Sem sair de Portugal, a experiência das provas de aptidão profissional, dos cursos profissionais do ensino secundário, pode servir de modelo para uma prova a introduzir nos cursos científico-humanísticos. Aquelas provas envolvem a realização de um projeto, a preparação de um relatório e a sua defesa perante um júri no qual participam elementos externos à escola. É um processo que se presta a promover e avaliar capacidades e atitudes que os exames não avaliam.
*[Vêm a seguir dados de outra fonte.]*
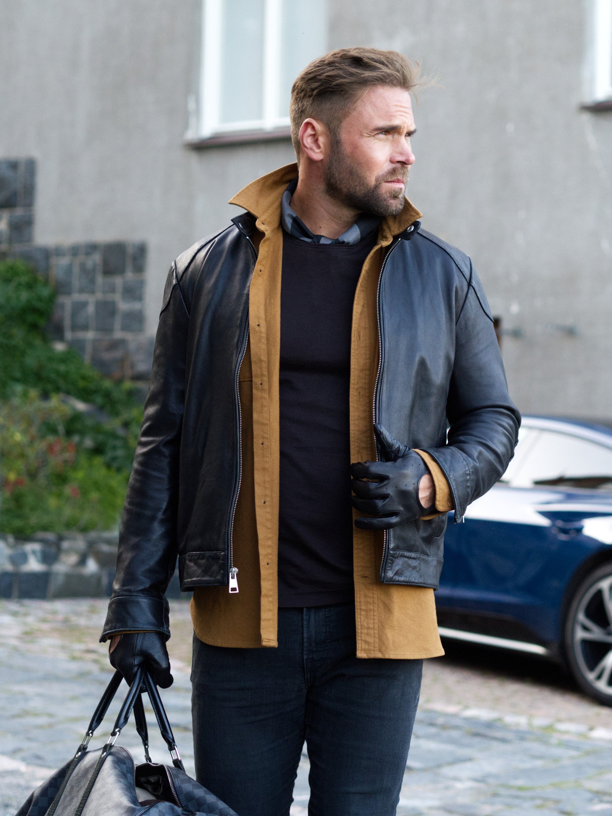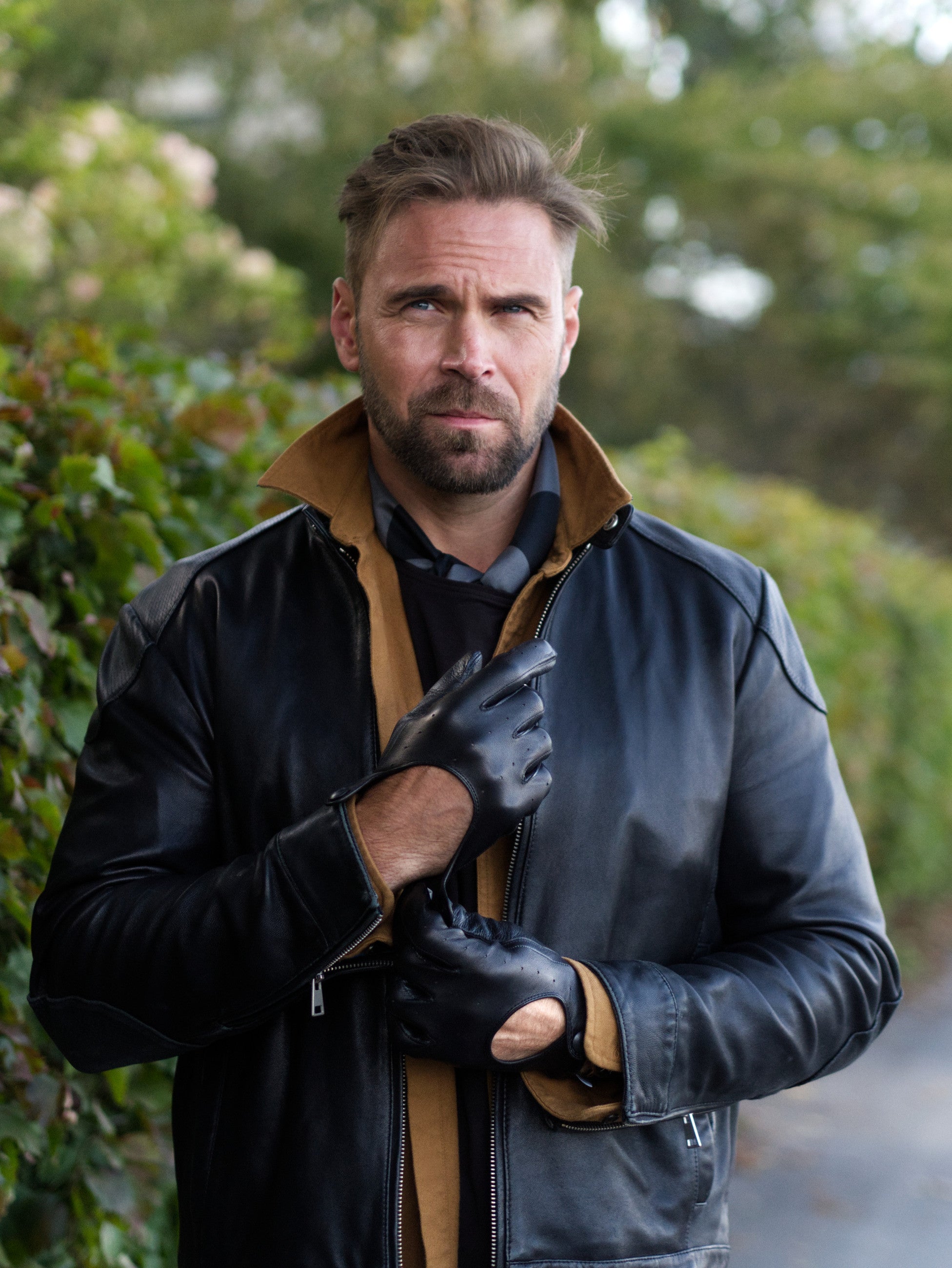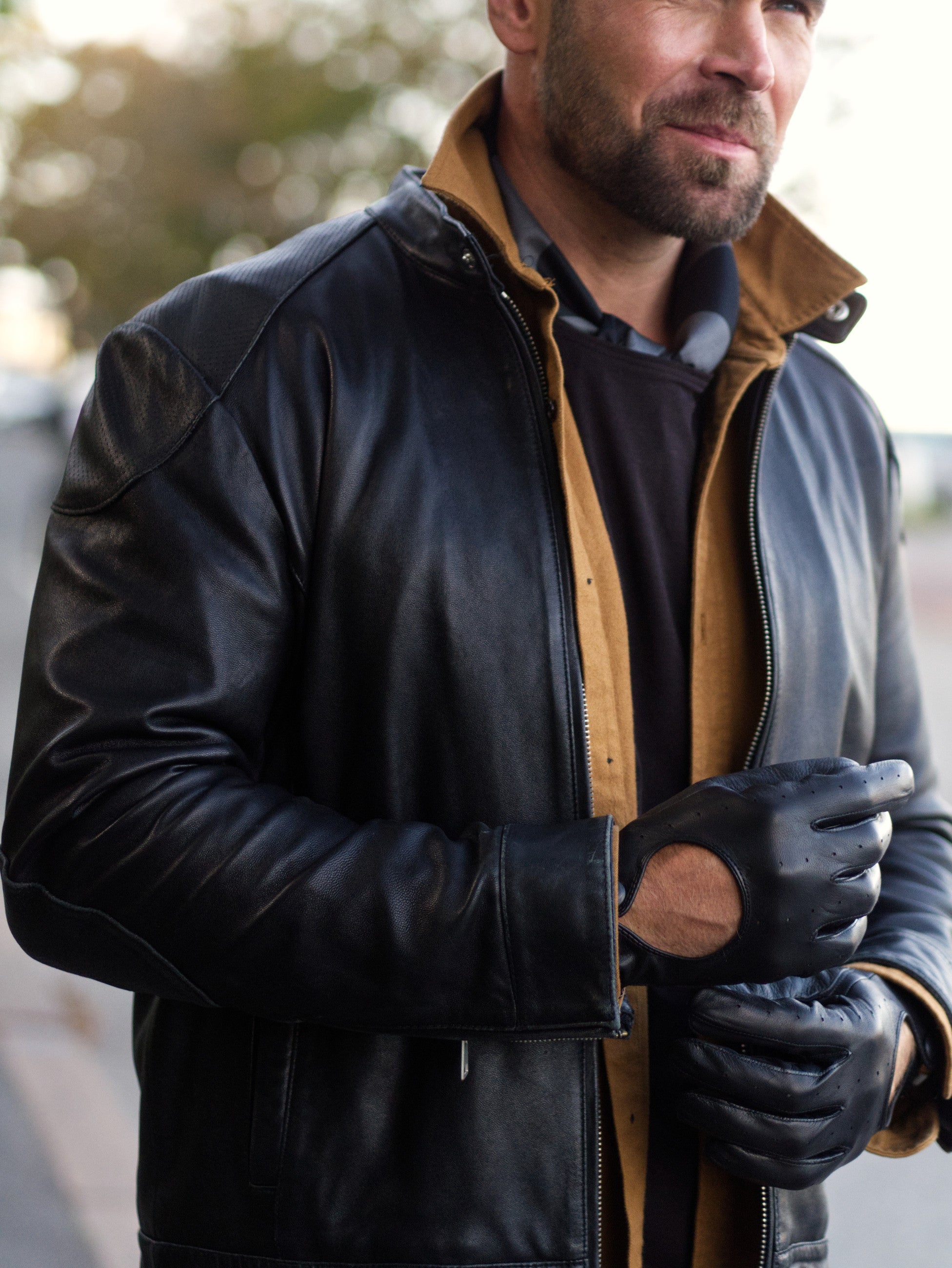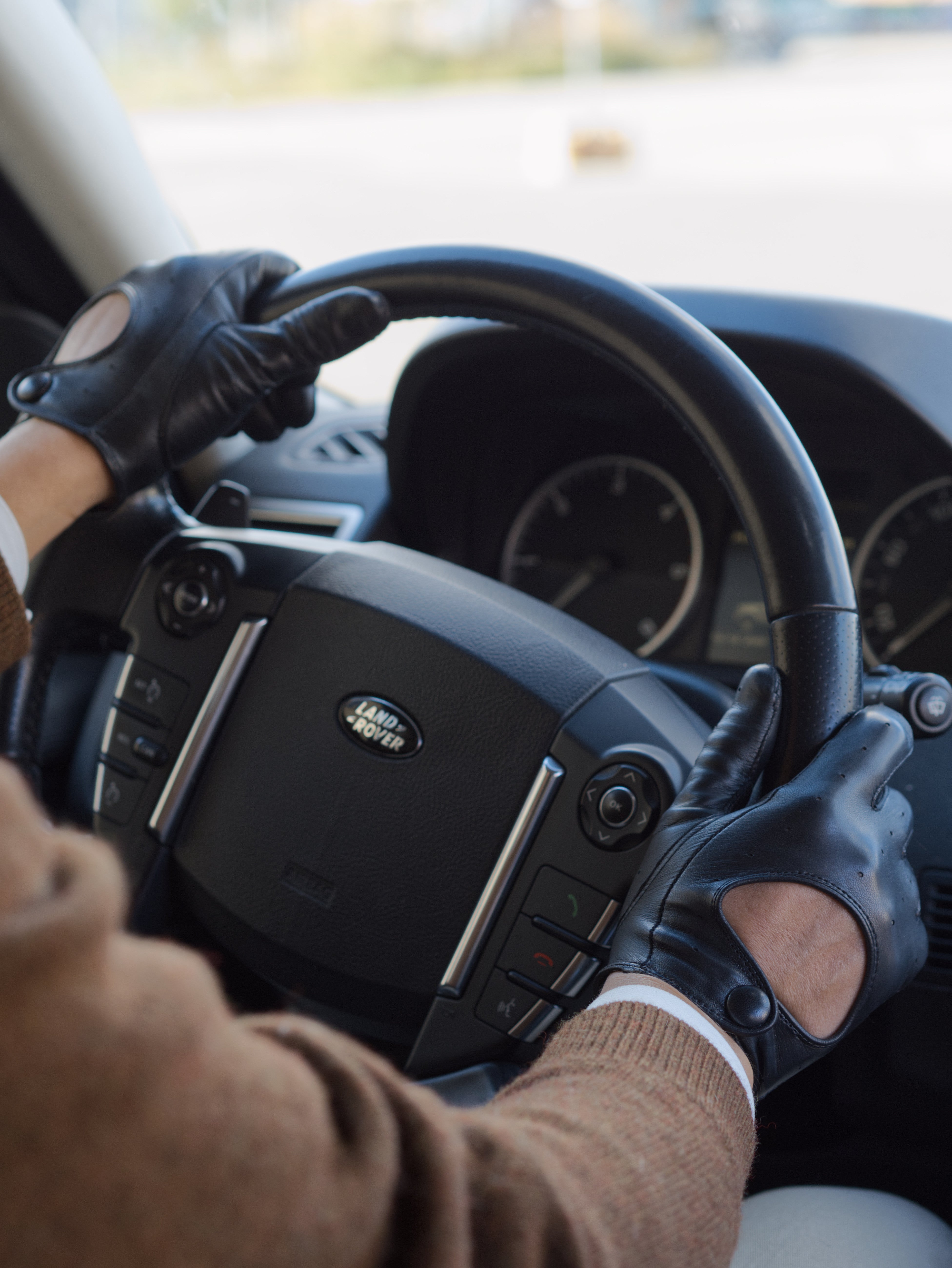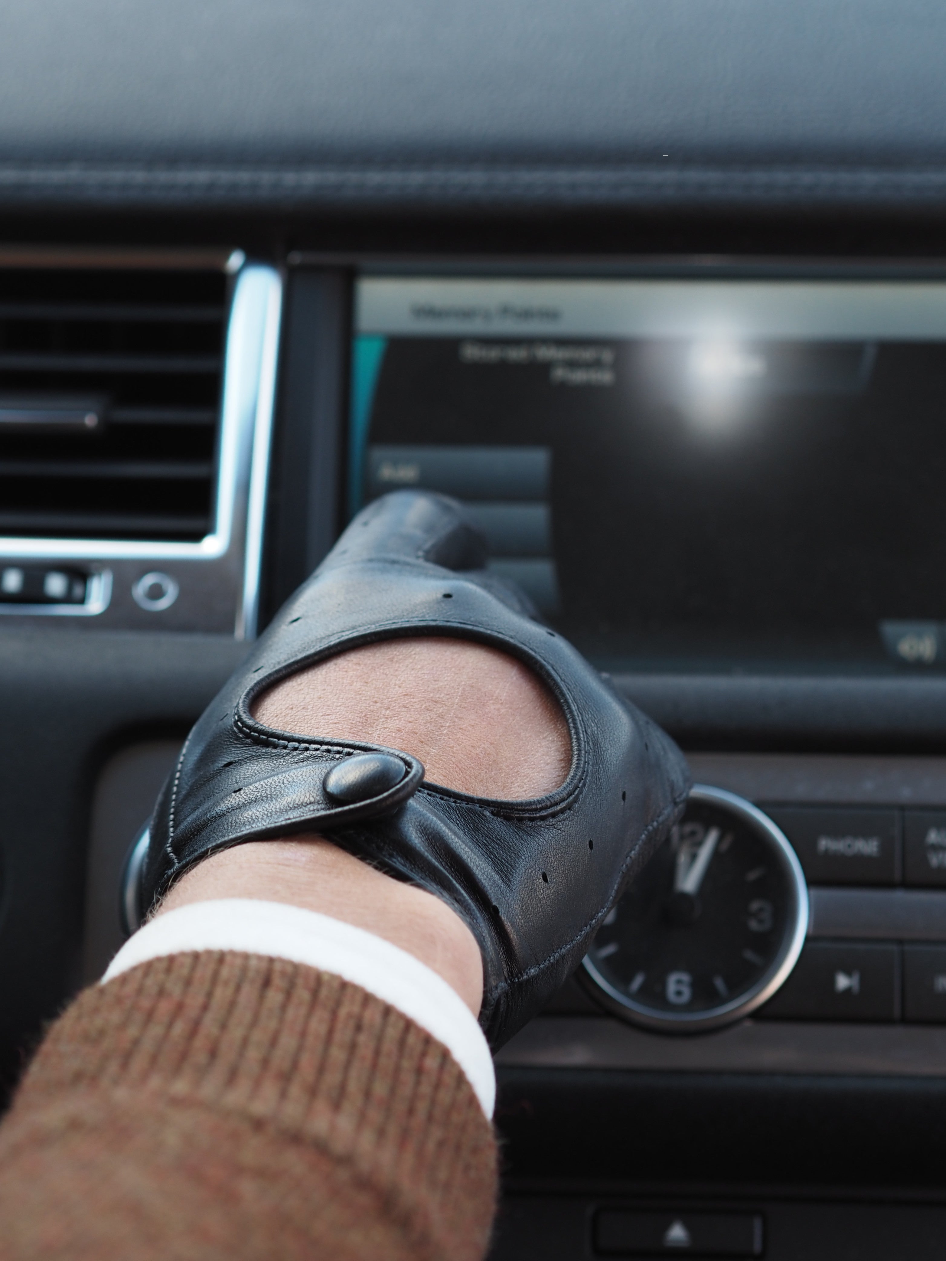 Erkki on klassinen ajokäsine modernilla otteella. Kämmenpuolen nahka on varustettu kosketusnäyttöominaisuudella.

Por outro lado, a participação externa permite equacionar uma moderação que contribua para a comparabilidade dos resultados dos alunos ou, em alternativa, os resultados podem ser traduzidos em percentis, à imagem da classificação ECTS usada na comparabilidade europeia de resultados do ensino superior.
Este é apenas um exemplo que pode contribuir para que as aprendizagens nos cursos científico-humanísticos fiquem mais alinhadas com o Perfil dos Alunos à Saída da Escolaridade Obrigatória e cujos resultados podem ser usados no acesso ao ensino superior, tendo em vista alargar o leque de competências considerado.
Várias outras abordagens, usadas noutros países, podem ser consideradas com o objetivo de melhorar a qualidade das aprendizagens no ensino secundário e a equidade no acesso ao ensino superior. E, assim, contribuir para a reparação da avaria do “elevador social”.